When I was 12 I went to summer camp and met a girl whose father worked at a ketchup factory. She told me some stories (which I will not repeat), and I have never eaten ketchup since.


----------



## tumbleweed1 (May 19, 2015)

I can't believe this thread is this old with this little activity, but I want to share a real winner.

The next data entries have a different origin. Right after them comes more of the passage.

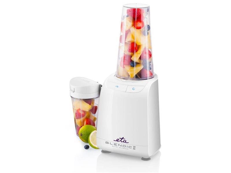 S praktickým a výkonným mixérem ETA Blendic Team II si pohodlně připravíte jak výživné smoothie a večerní koktejly, tak i dětské přesnídávky či pesta. Díky vysoké rychlosti až 21 000 otáček za minutu se vytouženého výsledku dočkáte dokonce během několika málo chvilek. Kvalitní čtyřramenný nůž z odolného nerezu se postará o perfektní konzistenci a zároveň zachová v nápoji maximální množství chuti a zdraví prospěšných látek. V horkých letních dnech se nezalekne ani přípravy ledové tříště, kterou vykouzlí z vody a pár kostek ledu. Dospělé zase jistě potěší ledová káva. Smoothie, proteinový nápoj nebo jiný, živinami nabitý koktejl si můžete vychutnat v pohodlí domova nebo si ho vzít kamkoliv s sebou. Mixovací nádoby totiž zároveň slouží jako přenosné lahve – jednoduše je odejmete z mixéru a šroubovací mixovací nože nahradíte víčkem. V balení najdete hned dvě lahve (700 ml a 500 ml) s těsnícím víčkem, které je navíc opatřeno uzavíratelným pítkem. Díky slim provedení se lahve vejdou do přihrádky v lednici i držáku na kole či v autě. Nádoby jsou vyrobeny z vysoce odolného a zdravotně nezávadného materiálu. Stolní mixér ETA Blendic Team II využijete opravdu při jakékoliv příležitosti. Ať si po náročném tréninku potřebujete dát svůj proteinový nápoj, dětem připravit zdravou přesnídávku z domácích surovin, v létě se osvěžit našlehanou ledovou kávou nebo si raději večer s přáteli chcete dát míchaný koktejl, bude vám vždy po ruce. Stejně jako jeho obsluha, je velmi snadné i jeho sestavení a údržba. Díky automatickému programu s pulzováním si nemusíte dělat starosti se složitým nastavováním – dokonalé smoothie umixuje za vás. Z bezpečnostních důvodů se po minutě automaticky vypne, aby nedocházelo k přehřívání přístroje. Pokud však opravdu nechcete ztrácet čas, využijte funkci PULSE pro okamžitý maximální výkon. Kromě automatického vypnutí se o vaše bezpečí stará i pojistka proti nesprávnému sestavení a protiskluzové nožky, které zajišťují vyšší lepší stabilitu mixéru na pracovní ploše. Povrch je snadno omyvatelný a díky nízké hmotnosti (jen 3 kg) se s celým spotřebičem jednoduše manipuluje.
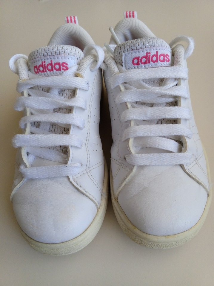 Beyaz Adidas kız çocuk sneakers, cırt cırtlı ve bağcıklı, kauçuk tabanlı, pastel tonlarda, desen içermeyen rahat sokak stili ayakkabı.
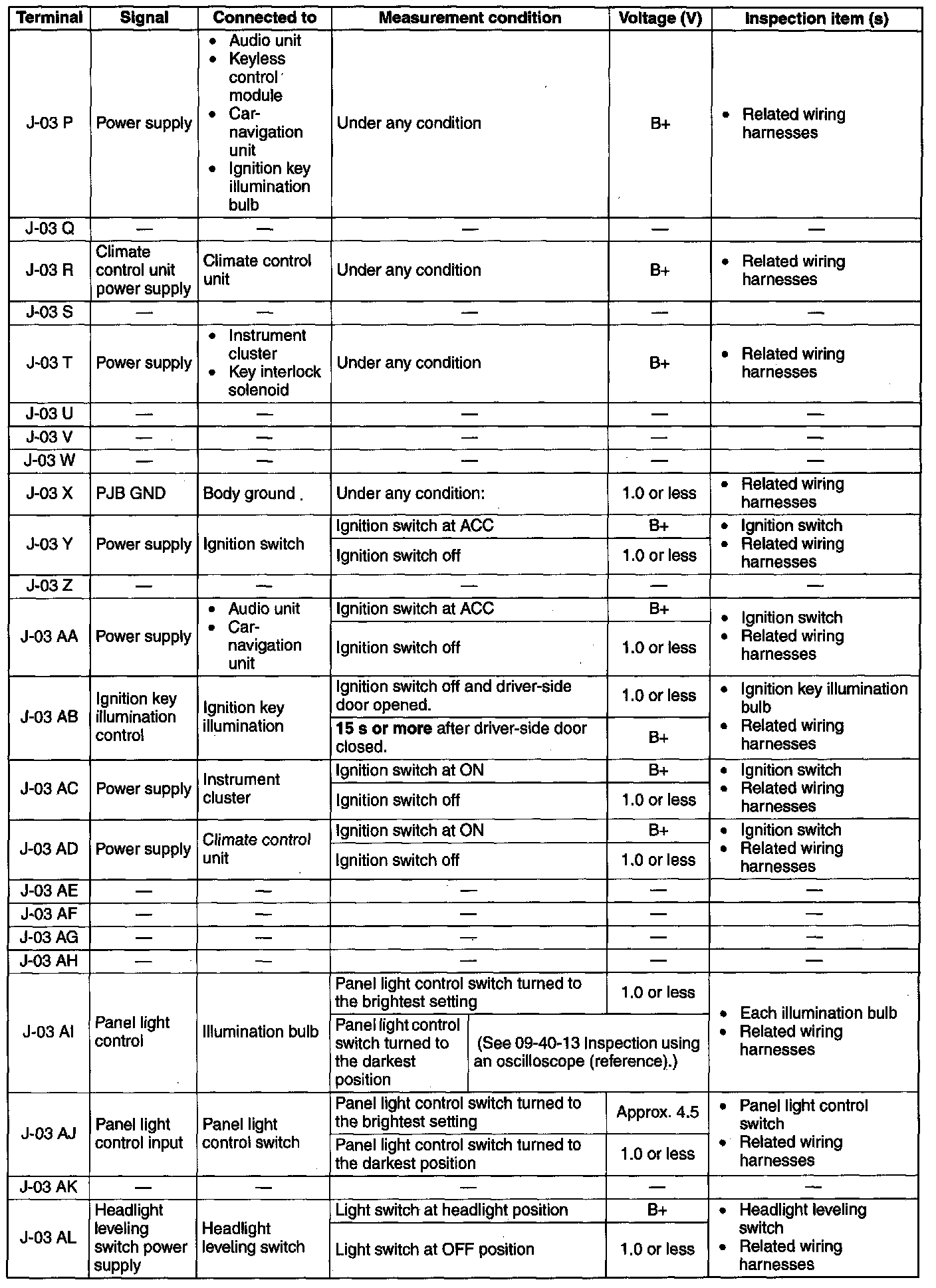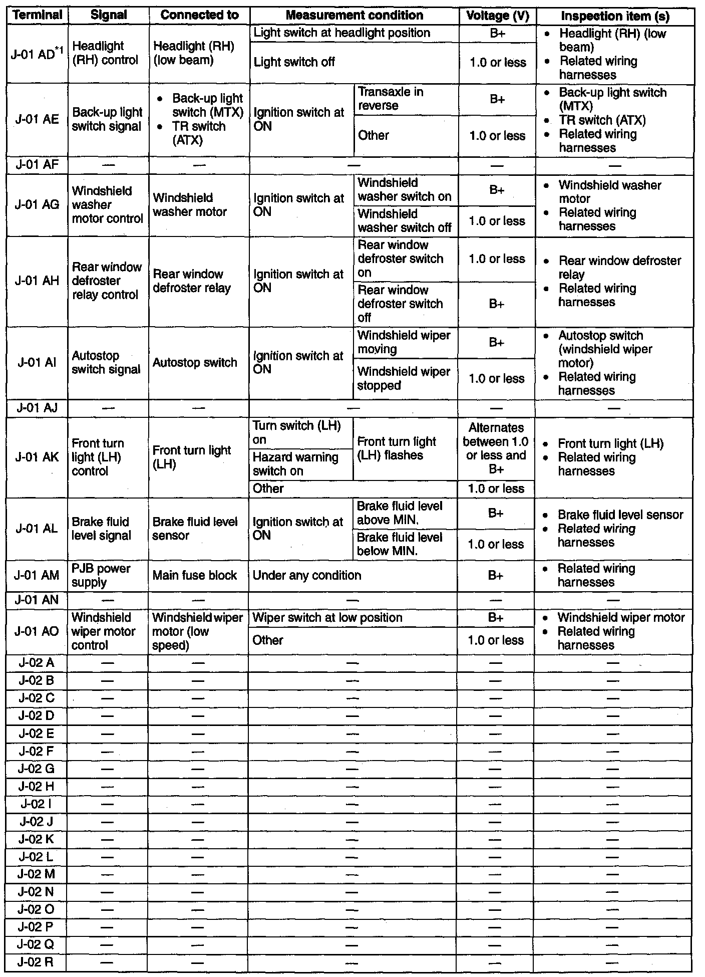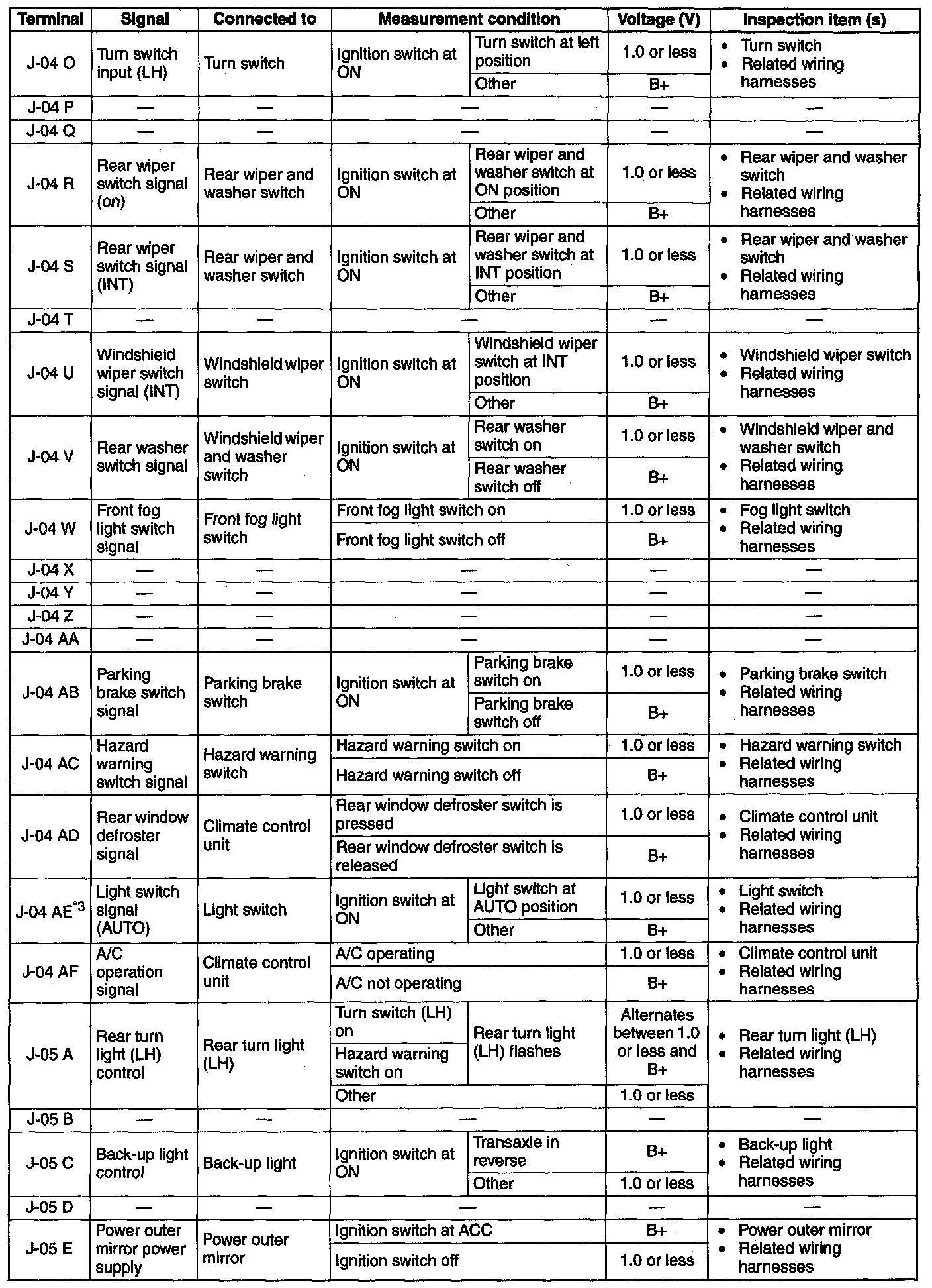 Terminal Voltage Table (Reference) (Part 10):

I LOVE making my own BBQ sauces & have made quite a few over the years. For pulled pork, I prefer a thin, vinegar-based Lexington Dip, but the wife & I also have our favorite "all purpose" BBQ sauce which we refer to as Zip Sauce. With no cayenne in it, you can adjust the heat via the chili powder, but if you make it like this, it's about perfect. Not very spicy, with a hint of "zip"!

As I said, I make a lot of sauces, but about every 2nd or 3rd time I try a new one, I always come back & make a batch of this stuff.

2 cups ketchup
3/4 water
1/3 cup apple cider vinegar
1/3 cup white vinegar
5 tbs brown sugar
3 tbs Worcestershire sauce
3 tbs chili powder
1 1/2 tsp Kosher salt
1 1/2 tsp black pepper
1 1/4 tsp ground cumin

Whisk together all ingredients in a medium pot.
Bring to a boil, reduce heat & simmer for 30 minutes.
Once cool, store in the refrigerator.
Makes 3 1/2 cups.﻿


----------



## trk3263 (May 22, 2015)

Thank you Tumbleweed I was surprised how short this list was too. I will try your sauce soon. I saved it as Tumbleweeds Zip sauce.


----------



## tumbleweed1 (May 29, 2015)

trk3263 said:


> Thank you Tumbleweed I was surprised how short this list was too. I will try your sauce soon. I saved it as Tumbleweeds Zip sauce.


Right on.

I believe you will like it.

TW


----------



## trueteam (Jun 2, 2015)

I like this one I got on the virtual weber site.

#5 sauce

1 cup ketchup
1/2 cup cider vinegar
1/3 cup brown sugar
1T worcestshire
1T rub

Simmer and thicken to your liking. Tasty and very simple.


----------